Data excerpts:
# # # # #
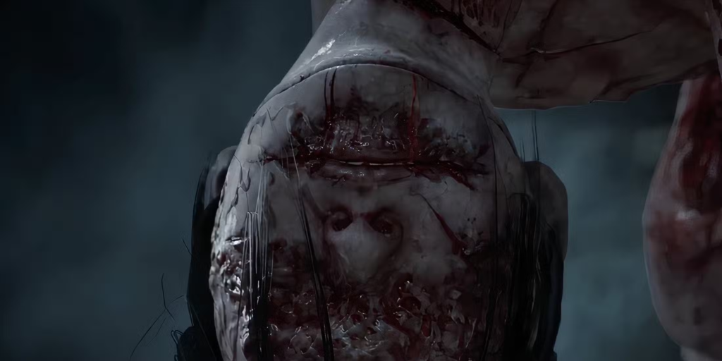 As mentioned previously, we have many repulsive and horrifying monsters we face throughout the course of the game. Some of these monsters are exactly what you’d expect from the Silent Hill series like the mannequin/ puppet esque ones but this new entry does bring some very unexpected monster designs, such as one that’s covered in mounds of flesh and births other monsters to overwhelm the player during a fight that somewhat resembles a man holding up a woman on his back while she gives birth. Coming from my own perspective as a concept artist, this game executes the monster designs perfectly. Every single monster is designed to represent a different part of Hinako’s trauma and outlook on the world and while playing you can easily tell visually what each is meant to be without needing the accompanying journal entries that share Hinako’s thoughts on each one, although it goes without saying that I’d highly recommend not skipping these entries.
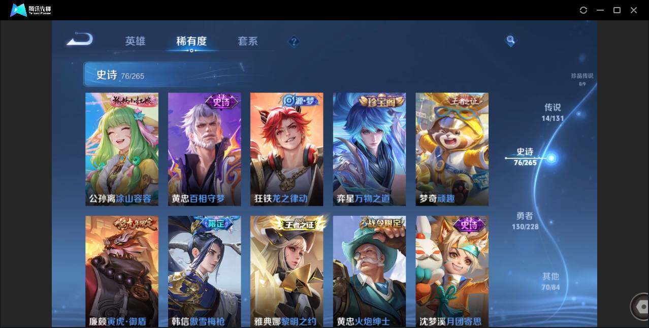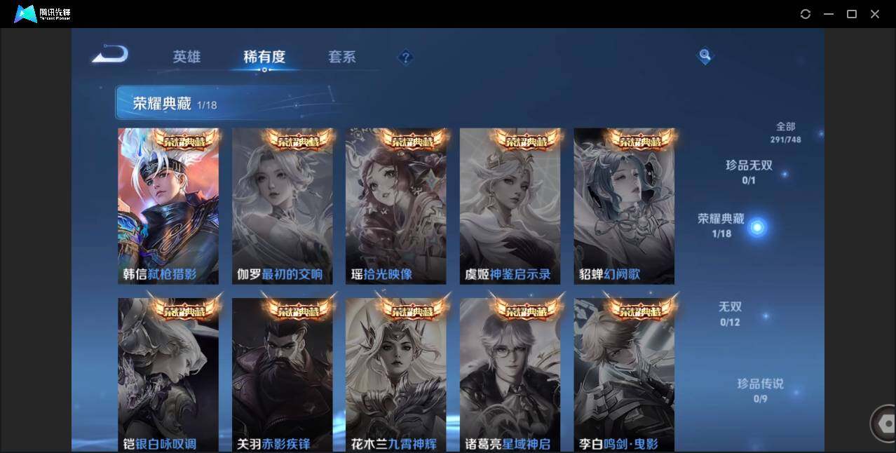 皮肤291 英雄126 倔强青铜 荣耀典藏1 传说14 其他皮肤120-
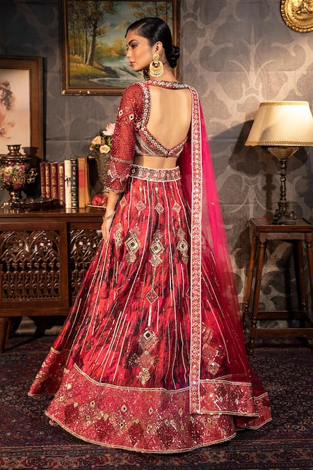 Buy_House of Zyrra by Laxmishriali_Maroon Blouse - Dupion And Net, Dupatta- Net, Lehenga - Geometric Bridal Set_Online_at_Aza_Fashions
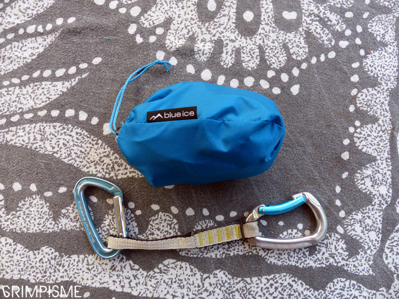 Pour terminer, le format de ce baudrier demande un minimum d’habitude pour le démêler et l’enfiler rapidement. Contrairement à ce qui est montré sur la vidéo, je préfère clipper en premier les boucles plastiques avant de mettre en place la ceinture.
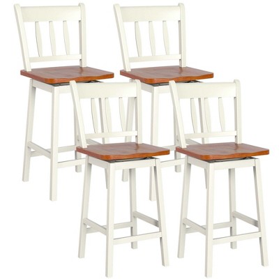 Natural Wooden Counter Stools Set of 2 with Rattan Backrest, 27" Seat Height Bar Stools for Kitchen Island, Dining Room, Breakfast Bar-3irtyhousy
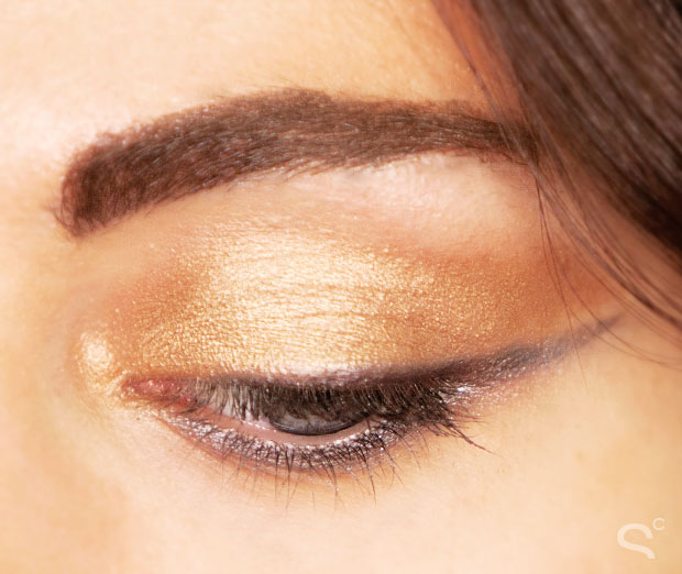 Gold is a flattering shade on most women, and you get three gold and bronze shades in this palette. Brushing the palest gold, Dirtysweet, all over the lid and in the inner corners, we blended medium bronze shade, Radar, from the middle to the outer corner of the eye. Lastly, Whiskey was used again to line the lashes, slightly winging out at the corner for a soft cat-eye.
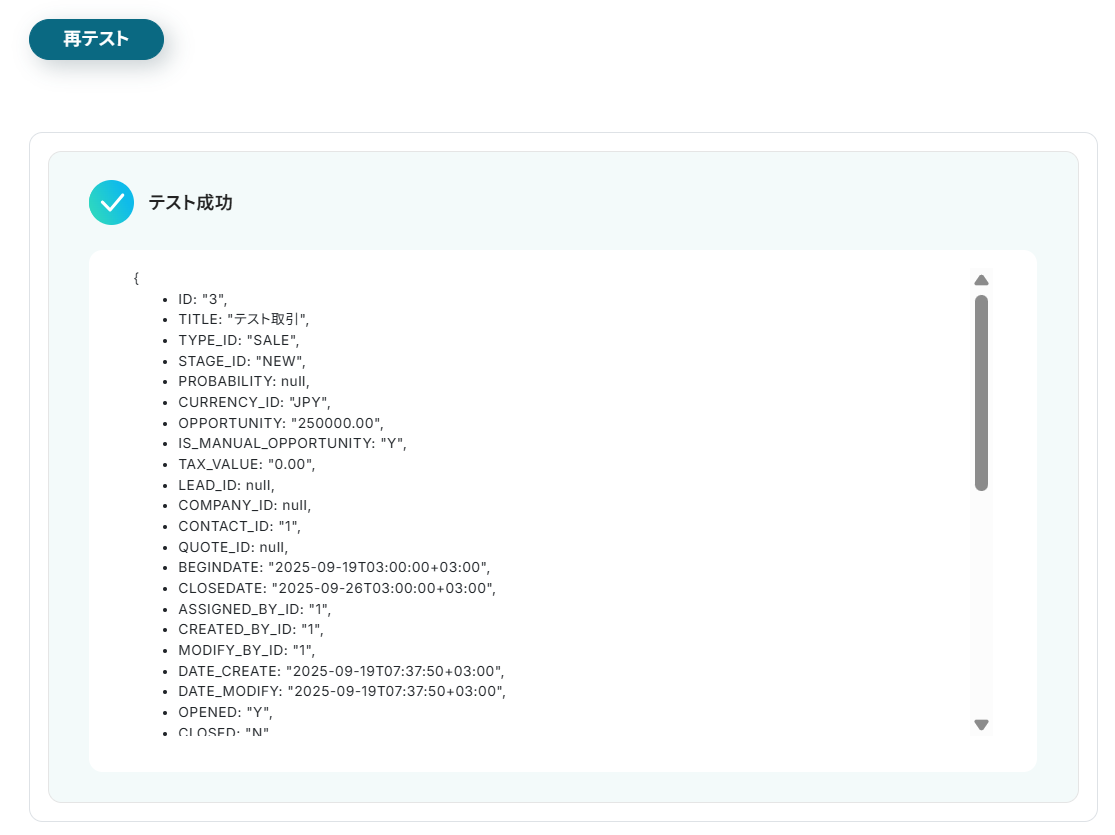 次の設定を行う前にBitrix24にて、Dealを作成しておきましょう。
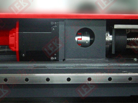 Y轴采⽤德国品牌滚珠丝杆和导轨;Y轴上置式设计,避免废料掉落损坏丝杆,保养简易。
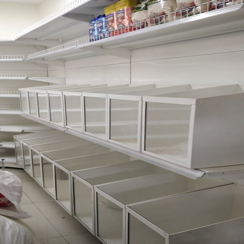 Powder-coated mild steel supermarket rack, 7-8 feet tall, with 3 shelves. Designed for grains display, this free-standing unit has a weight capacity of 100 Kg.
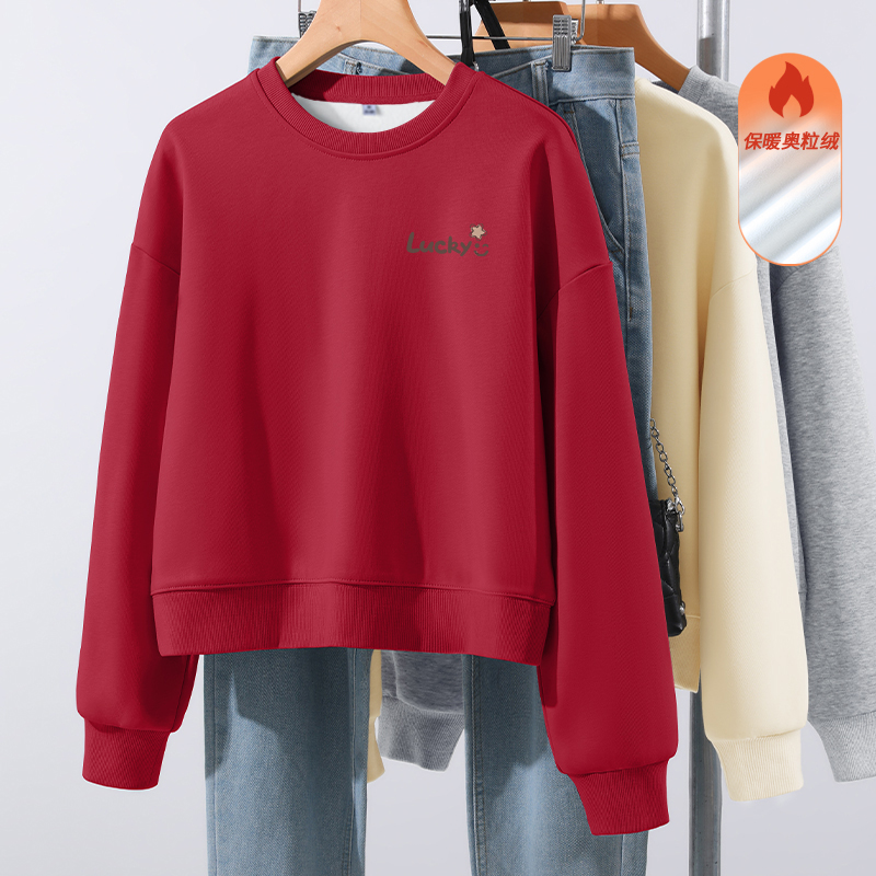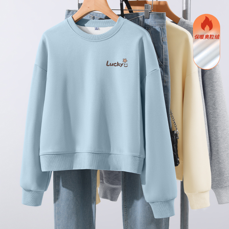 上衣外套 青少年加绒加厚短款 NEE真维斯圆领卫衣女2025新款 秋冬季
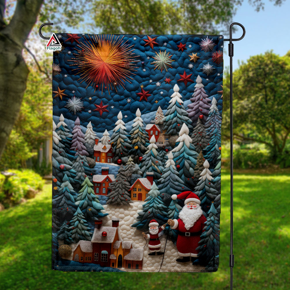Merry Christmas Flag, Christmas Village Flag, Santa Claus Xmas Garden Flag, Season Greetings
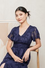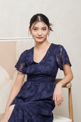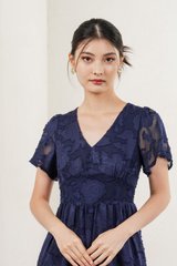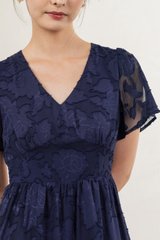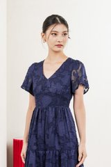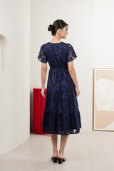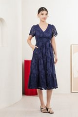 Navillera Textured Tiered Midi Dress In Navy
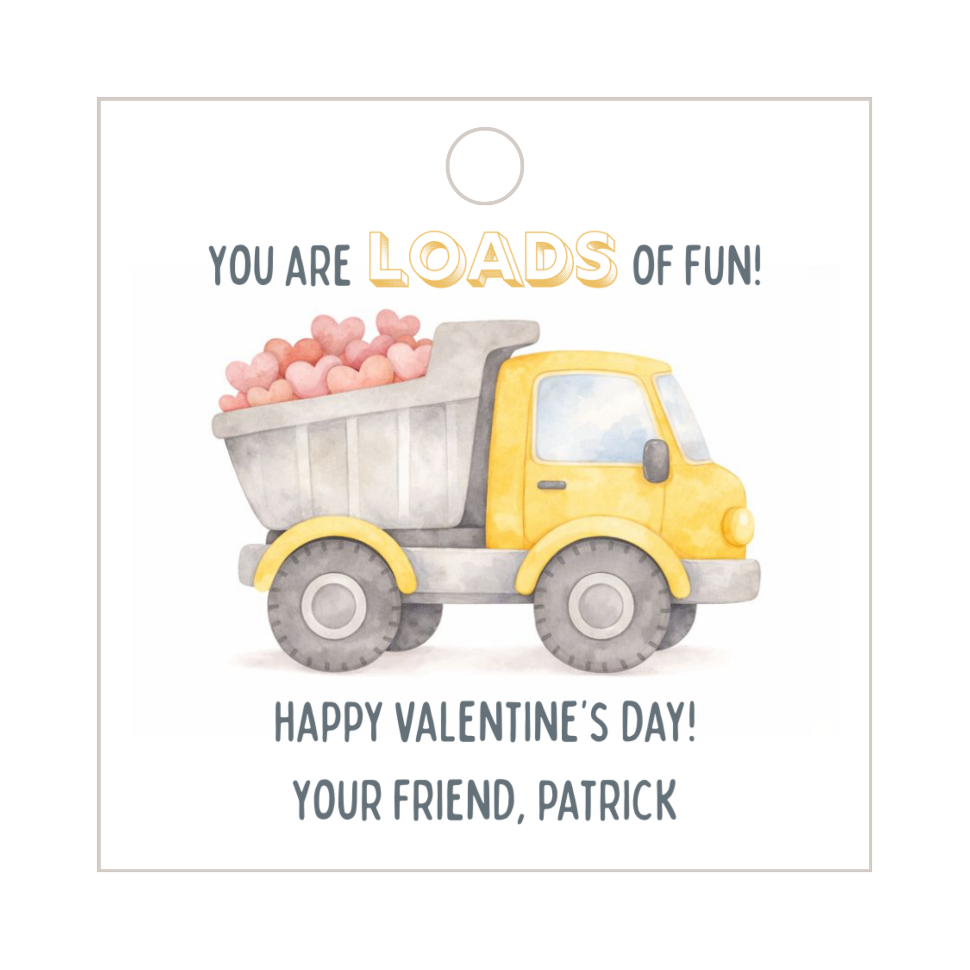 Perfect for little builders and truck-loving Valentines, this playful tag adds a fun touch to classroom exchanges, treat bags, and Valentine gifts. A great choice for kids’ parties, school celebrations, or gift add-ons.
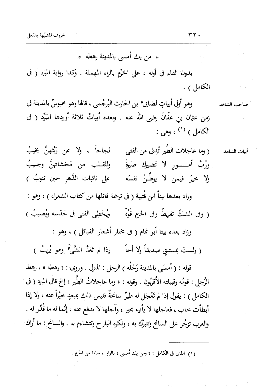 من يَك أَمْسَى بِالْمَدِينَةِ رهطه بِدُونِ الْفَاء فِي أَوله على الخرم بالراء الْمُهْملَة. وَكَذَا رِوَايَة الْمبرد فِي الْكَامِل. وَهُوَ أول أَبْيَات)
# # # # #
No pictures should appear in the copy, which holds exactly the lines from the first line of the data through the line with "Buy_House of Zyrra" and nothing else.

• ANSWER SECTION
 As mentioned previously, we have many repulsive and horrifying monsters we face throughout the course of the game. Some of these monsters are exactly what you’d expect from the Silent Hill series like the mannequin/ puppet esque ones but this new entry does bring some very unexpected monster designs, such as one that’s covered in mounds of flesh and births other monsters to overwhelm the player during a fight that somewhat resembles a man holding up a woman on his back while she gives birth. Coming from my own perspective as a concept artist, this game executes the monster designs perfectly. Every single monster is designed to represent a different part of Hinako’s trauma and outlook on the world and while playing you can easily tell visually what each is meant to be without needing the accompanying journal entries that share Hinako’s thoughts on each one, although it goes without saying that I’d highly recommend not skipping these entries.
 皮肤291 英雄126 倔强青铜 荣耀典藏1 传说14 其他皮肤120-
 Buy_House of Zyrra by Laxmishriali_Maroon Blouse - Dupion And Net, Dupatta- Net, Lehenga - Geometric Bridal Set_Online_at_Aza_Fashions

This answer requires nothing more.